Foi com essa fala que Arthur iniciou sua 53ª sessão de terapia com aquela analista.

Sim, ele havia contado.

— Hum… — respondeu Marcela incentivando o paciente a continuar.

— Foi igualzinho como daquela outra vez lá no restaurante: o telefone dela tocou, ela olhou e não quis atender dizendo que devia ser a operadora do celular querendo enfiar alguma promoção.

— E aí?

— Aí o de sempre, né? Eu não consigo acreditar, não sei por que… Falei para ela me dar o telefone que eu queria ver o número.

— E ela te deu?

— Dessa vez, não. Ela falou que não aceitaria mais aquilo, que ou eu confiava nela ou a gente não ficaria junto. Aí eu comecei a falar mais alto, pedindo o celular e tentando tirar da mão dela.

— Onde vocês estavam?

— Na fila do cinema… As pessoas começaram a olhar, mas mesmo assim ela não queria me dar o telefone de jeito nenhum. Aí eu fiquei tão nervoso que saí da fila e deixei ela lá sozinha.

— Do mesmo jeito que a sua mãe fazia com o seu pai, né? — lembrou a analista.

— Exatamente… Mas como é que muda isso, Marcela? Eu já entendi que, de certa forma, eu tô reproduzindo o mesmo ciúme doentio da minha mãe, mas e aí?

— É curioso que você só tenha percebido isso aqui em análise, não acha?

— É… Eu sempre fui ciumento e desde criança vejo as loucuras de ciúme da minha mãe, mas foi só conversando com você que liguei uma coisa com a outra.

— Por que será que você passou anos sem conseguir fazer essa conexão?

— Não faço a menor ideia…

— Talvez essa resistência a se perceber parecido com sua mãe ainda não tenha sido vencida. Uma coisa é enxergar a verdade, outra é aceitá-la…

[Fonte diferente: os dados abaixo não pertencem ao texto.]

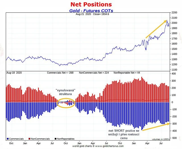 Od počátku letošního roku se ovšem ukazuje jiná nezvyklá divergence. V únoru kulminoval počet "net SHORT" pozic komerčních obchodníků u necelých 400 000 kontraktů, což byl historický rekord. Obecný konsenzus byl do té doby takový, že s růstem ceny se zvyšují i "net SHORT" pozice komerčních obchodníků (a s poklesem ceny se snižují). Od poloviny března ale dochází k tomu, že se "net SHORT" pozice komerčních obchodníků postupně snižují i přes rostoucí cenu zlata, což je nevídaný fenomén a poměrně býčí faktor ze střednědobého hlediska.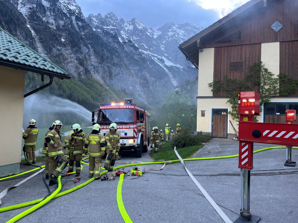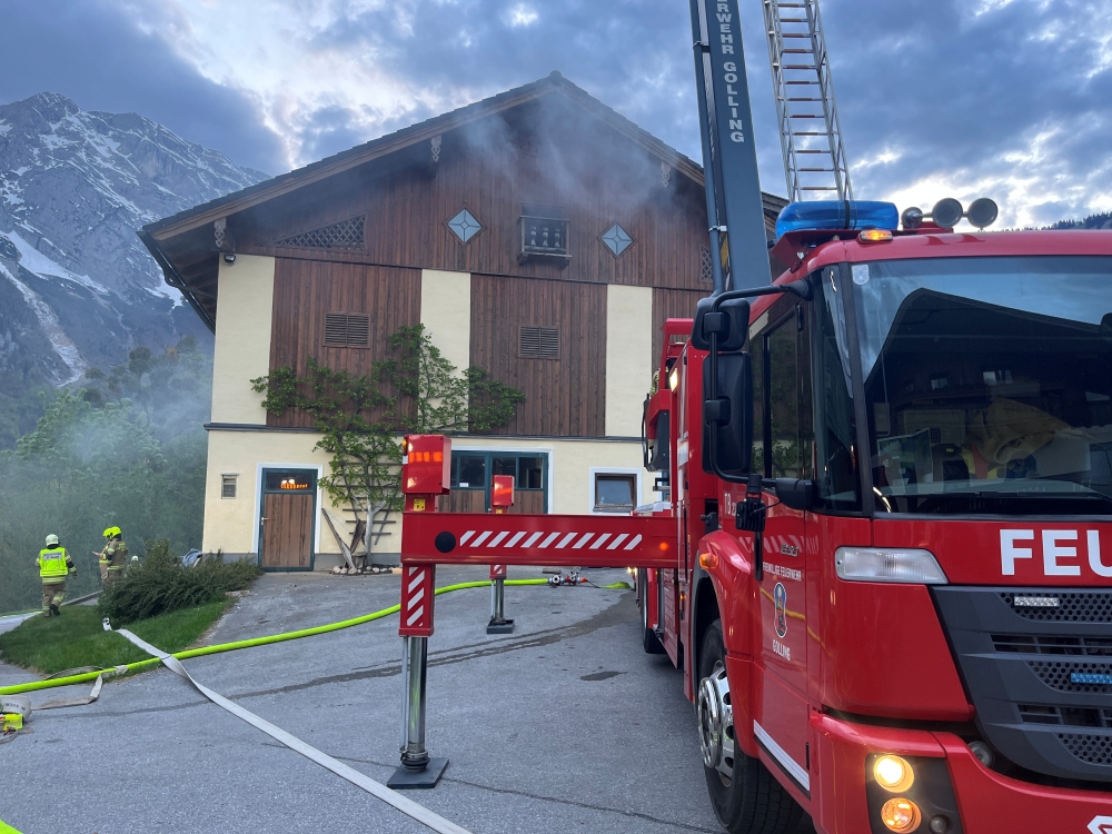 Die Feuerwehr Golling beteiligte sich dabei mit mehreren Fahrzeugen und Aufgaben: Bühne Golling übernahm die Menschenrettung aus dem Obergeschoss des Objektes und führte anschließend die Brandbekämpfung mit dem Wasserwerfer durch. Die Besatzung der Pumpe Golling richtete eine Saugstelle zur Wasserversorgung ein und legte eine mehrere hundert Meter lange Zubringleitung, wobei eine Relaispumpe eingesetzt wurde. Der Atemschutztrupp von Tank 2 konnte mehrere vermisste Kinder aus dem stark verrauchten Heuboden retten.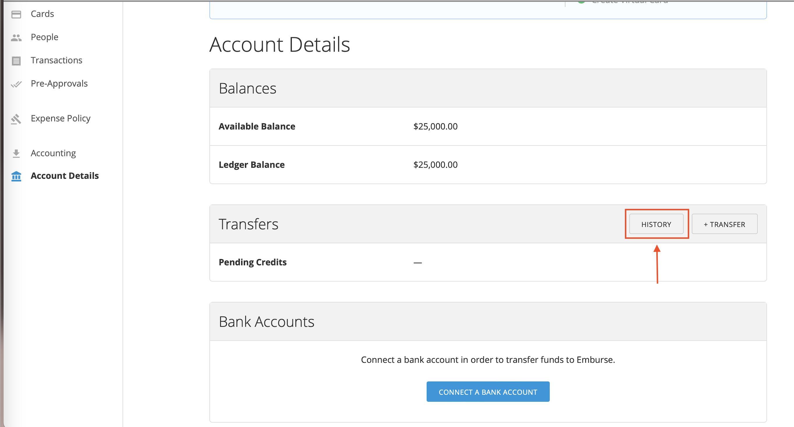 Haz clic en Historial para encontrar cualquier transferencia pendiente o transferencias pasadas en tu cuenta. Incluye cuenta bancaria, monto, fecha, memo (si se ingresó) y el nombre del administrador que realizó la transferencia si no tienes transferencias automáticas habilitadas.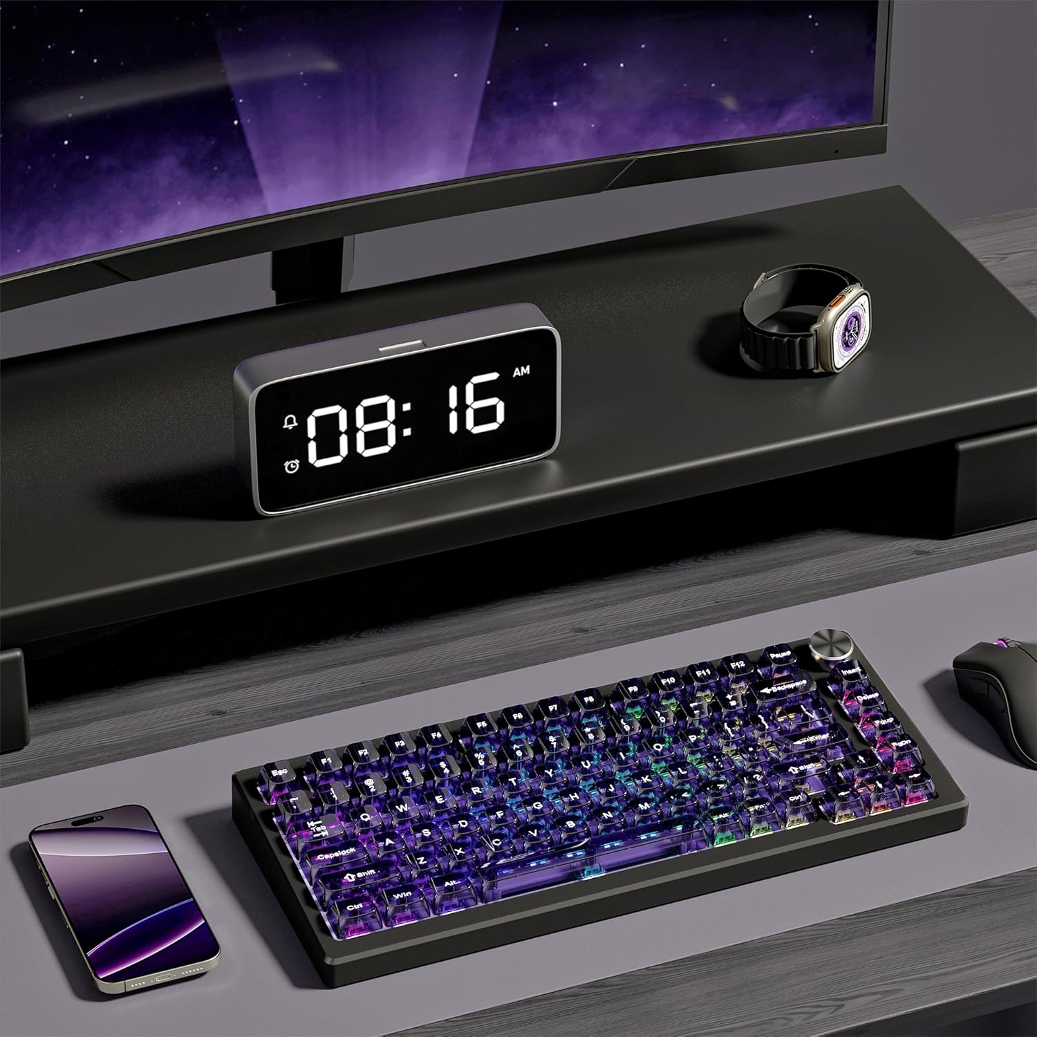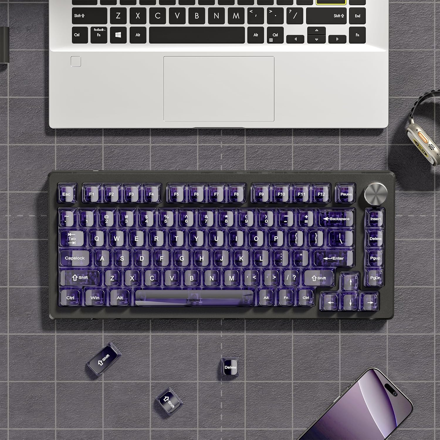 - 【Shine-Through Purple Keycaps】Bring your keyboard to life with translucent purple keycaps that allow backlighting to glow clearly, combining functionality with a minimalist, modern look.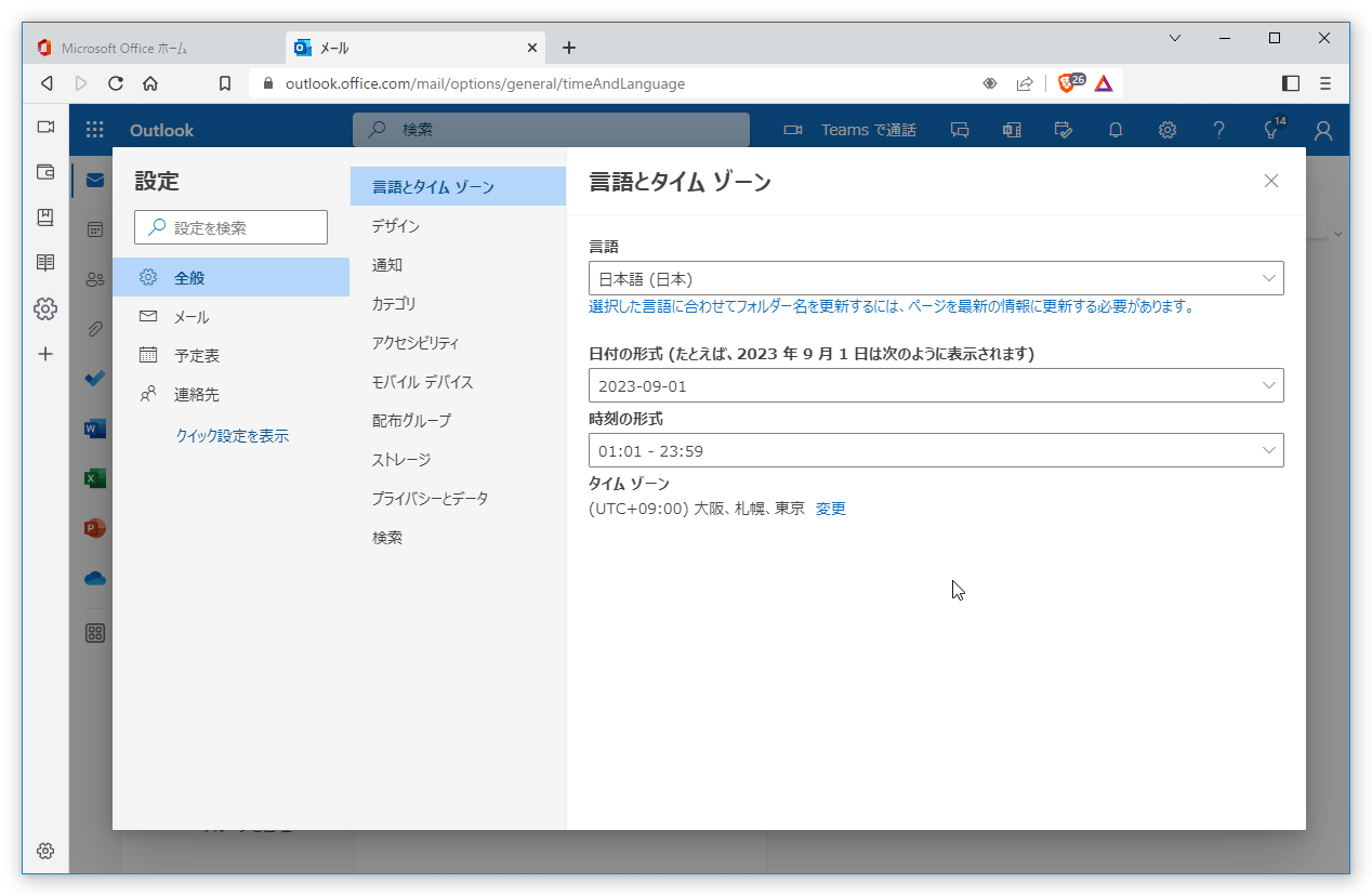 [設定]画面が表示されるので、左のメニューから[全般]をクリック、[言語とタイム ゾーン]をクリックします。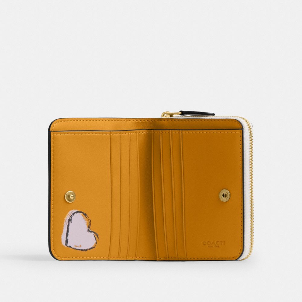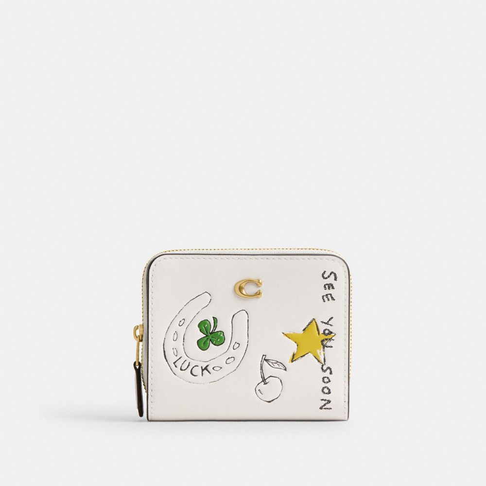 リファインド レザーの二つ折りミニ財布。マーカーペンや絵の具を使って描かれたコーチのホームであるニューヨークのシンボルやアメリカンカルチャーのスケッチ プリントが、プレミアムな雰囲気を演出します。

Com essa intervenção, a terapeuta Marcela pretende mostrar ao paciente que a mera tomada de consciência não é suficiente para produzir a melhora clínica desejada.

Quem está na CONFRARIA ANALÍTICA receberá hoje uma aula especial que trata justamente desse assunto.

O título dela é “LENDO FERENCZI 06 – Reconhecer o recalcado não é suficiente” e está disponível no módulo “AULAS ESPECIAIS – FERENCZI”.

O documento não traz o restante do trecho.